Da una combinazione di diverse esigenze che da qualche anno sono diventate più pressanti. La più (apparentemente) triviale delle quali è la storia dei pensionati italiani che decidono di evadere legalmente le tasse trasferendosi all’estero. Vi è poi lo ‘scabroso’ ma sempre attuale aspetto dell’amore/sesso degli ultra sessantenni, visto sotto ogni angolazione possibile. Ultima, non per importanza, la secolare questione nord-sud Italia, immaginata in versione controcorrente.
Quanto è stato difficile portarlo a termine?
Non avevo fretta, la storia si è sviluppata quasi autonomamente, secondo ritmi a me congeniali. Il Post Scriptum finale della figlia del protagonista, invece, è stata una folgorazione tipica dell’età (dell’autore).

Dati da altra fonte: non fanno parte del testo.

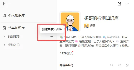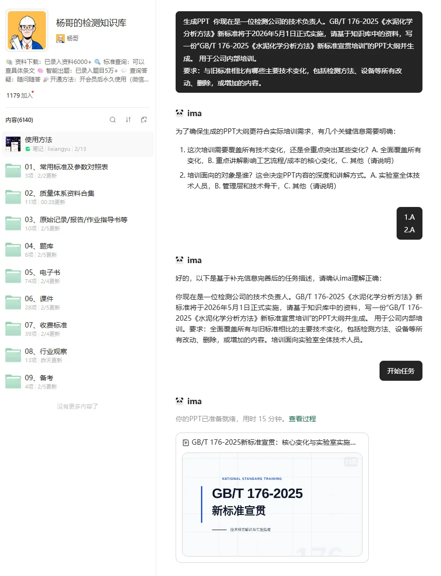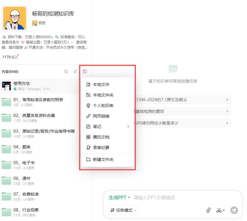 以上三步是搭建知识库,准备阶段,如果之前用过ima可以略过。如果嫌麻烦,或者缺少资料,可以加入我的知识库,然后直接使用,里面已有6000多份检测资料。

Quali sono i tuoi autori di riferimento?
Nessuno in particolare. Negli ultimi anni mi sono tuffato nella narrativa anglo-americana (in originale, ovviamente), quasi sempre da un punto di vista femminile (l’ultima, Doris Lessing, ‘Love, again’).
Dove vivi e dove hai vissuto in passato?
Attualmente sulle colline salernitane affacciate sul golfo. In passato, a Milano, Salerno, Inghilterra, sul Garda, altrove.
Dal punto di vista letterario quali sono i tuoi progetti per il futuro?
Vorrei continuare a scrutare il presente e il futuro partendo dal passato. Lo stile, credo, non subirà variazioni degne di nota. Ma non si sa mai.